Amalia, que sintió y vio todo esto, ocurrido en menos de un segundo, iba a precipitarse del aposento, cuando Luisa se echó a sus pies y le abrazó las rodillas.

Un segundo golpe sin vibración, pero pujante, a plomo, hizo estremecer de nuevo toda la casa, y multitud de cascotes saltaron de los marcos de la puerta.

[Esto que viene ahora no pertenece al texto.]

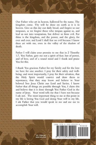 Our Father who art in heaven, hallowed be thy name. Thy kingdom come. Thy will be done on earth as it is in heaven. Give us this day our daily bread, and forgive us our trespasses, as we forgive those who trespass against us, and lead us not into temptation, but deliver us from evil. For thine is the kingdom, and the power, and the glory, for ever and ever, and Lord I shall fear no evil because I know thou art with me, even in the valley of the shadow of death. Father I will claim your promise to me that in 2 Timothy 1;7, You Father, gave me not a spirit of fear; but of power, and of love, and of a sound mind and I thank and praise You for this. I ask Your continued blessing on our country and pray You would lead and guide our leaders to make decisions that would be in Your will and not their own.

-No resiste otro -dijo Pedro.

-¿Y con qué demonios dan? -preguntó Eduardo trémulo de rabia y deseando que cayese la puerta de una vez.

-Con el anca de dos o tres caballos a un mismo tiempo -contestó Pedro-; así echamos abajo la puerta de un cuartel en el Perú.

En ese momento, porque toda esta escena era rápida como el pensamiento, Luisa, abrazada de las rodillas de Amalia, sin dejarla salir, la decía llorando:

-Señora, la Virgen me ha hecho recordar una cosa; la carta, yo sé donde está, con ella nos salvamos, señora.

-¿Qué carta, Luisa?

-Aquella que...

-Ah, sí. ¡Providencia divina! Es el único mecho de salvarlo. Tráela, tráela.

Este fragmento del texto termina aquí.